尽管它们取得了惊人的成功,最先进的语言模型在理解某些重要的语义细节方面仍然面临着挑战。本文介绍了一个名为 VISLA(语义和词义变化对齐)的基准,旨在评估语言模型的语义和词义理解能力。VISLA 提出了一种三元语义(形式)等价任务,三元组句子与图像相关联,以评估视觉语言模型(VLMs)和单语语言模型(ULMs)的语义和词义理解能力。在评估 34 个 VLMs 和 20 个 ULMs 的过程中,揭示了在区分词汇和语义变化方面令人惊讶的困难。语言模型编码的空间语义也似乎对词汇信息非常敏感。值得注意的是,VLMs 的文本编码器在语义和词义变化方面比单语文本编码器更加敏感。我们的贡献包括统一图像到文本和文本到文本检索任务,无需微调即可进行一般评估,以及评估 LMs 在词汇变化影响下的语义(形式)变化。结果表明,各种视觉和单语语言模型的优势和劣势得到了突出,有助于更深入地了解它们的能力。VISLA 为严格的评估提供了一个框架,揭示了语言模型在处理语义和词义细微差别方面的能力。数据和代码将在此链接的 URL 上提供。
https://arxiv.org/abs/2404.16365
In this paper, we present OmniSearchSage, a versatile and scalable system for understanding search queries, pins, and products for Pinterest search. We jointly learn a unified query embedding coupled with pin and product embeddings, leading to an improvement of $>8\%$ relevance, $>7\%$ engagement, and $>5\%$ ads CTR in Pinterest's production search system. The main contributors to these gains are improved content understanding, better multi-task learning, and real-time serving.

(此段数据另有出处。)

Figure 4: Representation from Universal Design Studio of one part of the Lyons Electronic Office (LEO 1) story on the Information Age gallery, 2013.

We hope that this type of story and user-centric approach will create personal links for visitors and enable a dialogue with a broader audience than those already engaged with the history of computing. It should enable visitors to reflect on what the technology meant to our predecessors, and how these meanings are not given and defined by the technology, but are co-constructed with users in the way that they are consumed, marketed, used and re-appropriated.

We enrich our entity representations using diverse text derived from image captions from a generative LLM, historical engagement, and user-curated boards. Our multitask learning setup produces a single search query embedding in the same space as pin and product embeddings and compatible with pre-existing pin and product embeddings. We show the value of each feature through ablation studies, and show the effectiveness of a unified model compared to standalone counterparts. Finally, we share how these embeddings have been deployed across the Pinterest search stack, from retrieval to ranking, scaling to serve $300k$ requests per second at low latency. Our implementation of this work is available at this https URL.

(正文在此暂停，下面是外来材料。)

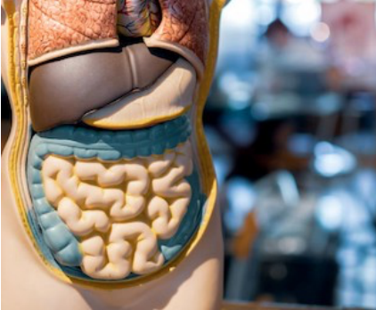
Top Gut Doc: How To Cleanse Your Bowels (You Won't Believe Step 1) United Naturals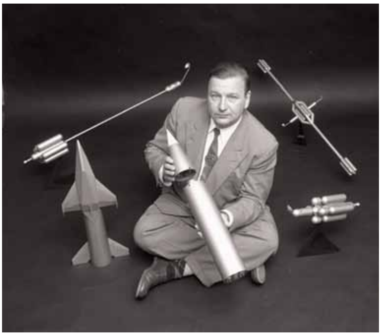
Krafft Ehricke surrounded by various satellite models, October 10, 1957.

Not only China, but all of Asia, and Russia as well, are on a very different trajectory from the neoliberal establishment in Europe or the United States. By contrast, the West is in the process of doing away with itself with the green ideology. As one can see in the condition of Europe, with its various protest movements, this policy not only destroys the foundations of the institutions underpinning the state, but it represents an existential threat. Ultimately, this self-induced decline of the West is the source of new conflicts and even the danger of a great war.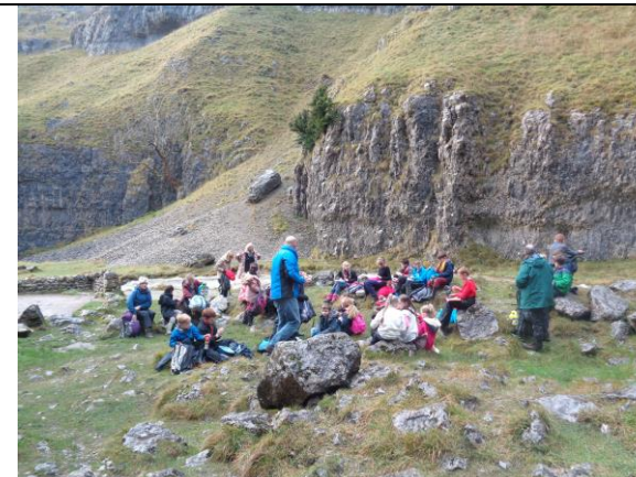
Y5 Malham trip.

We will be exploring this with all of the children and working together to develop our mindsets and to figure out how to work collaboratively to improve all learning opportunities. We believe that this will encourage resilience in our children and will help to develop a love of exciting learning opportunities. We are very aware that the world is moving at a fast pace and we are preparing our children for careers that may not even exist at the moment. By ensuring that our children are independent and confident learners, we are equipping them for a life-long enjoyment of learning. Our work on Growth Mindsets is based on the research of Carol Dweck.

在本文中,我们提出了OmniSearchSage,一个用于理解Pinterest搜索查询、列表和产品的多功能且可扩展的系统。我们共同学习了一个统一的查询嵌入与Pin和产品嵌入相结合,导致了在Pinterest的生成搜索系统中的相关性提高8%以上,参与度提高7%以上,广告CTR提高5%以上。这些增长的主要贡献是改进的内容理解、更好的多任务学习和实时 serving。我们通过从图像标题中提取多样性的文本来丰富实体表示,包括历史参与度和用户创建的列表。我们的多任务学习设置在相同的空间中产生了与Pin和产品嵌入兼容的单个搜索查询嵌入,并支持预先存在的Pin和产品嵌入。我们通过消融研究来展示每个功能的价值,并比较统一的模型与分离的模型的效果。最后,我们分享了这些嵌入如何应用于Pinterest搜索链的各个环节,从检索到排名,以及在低延迟下每秒服务300k请求的效果。本文中我们所做的工作的实现版本请点击以下链接获取:https://www.aclweb.org/anthology/W19-6231
https://arxiv.org/abs/2404.16260
Recent dataset deduplication techniques have demonstrated that content-aware dataset pruning can dramatically reduce the cost of training Vision-Language Pretrained (VLP) models without significant performance losses compared to training on the original dataset. These results have been based on pruning commonly used image-caption datasets collected from the web -- datasets that are known to harbor harmful social biases that may then be codified in trained models. In this work, we evaluate how deduplication affects the prevalence of these biases in the resulting trained models and introduce an easy-to-implement modification to the recent SemDeDup algorithm that can reduce the negative effects that we observe. When examining CLIP-style models trained on deduplicated variants of LAION-400M, we find our proposed FairDeDup algorithm consistently leads to improved fairness metrics over SemDeDup on the FairFace and FACET datasets while maintaining zero-shot performance on CLIP benchmarks.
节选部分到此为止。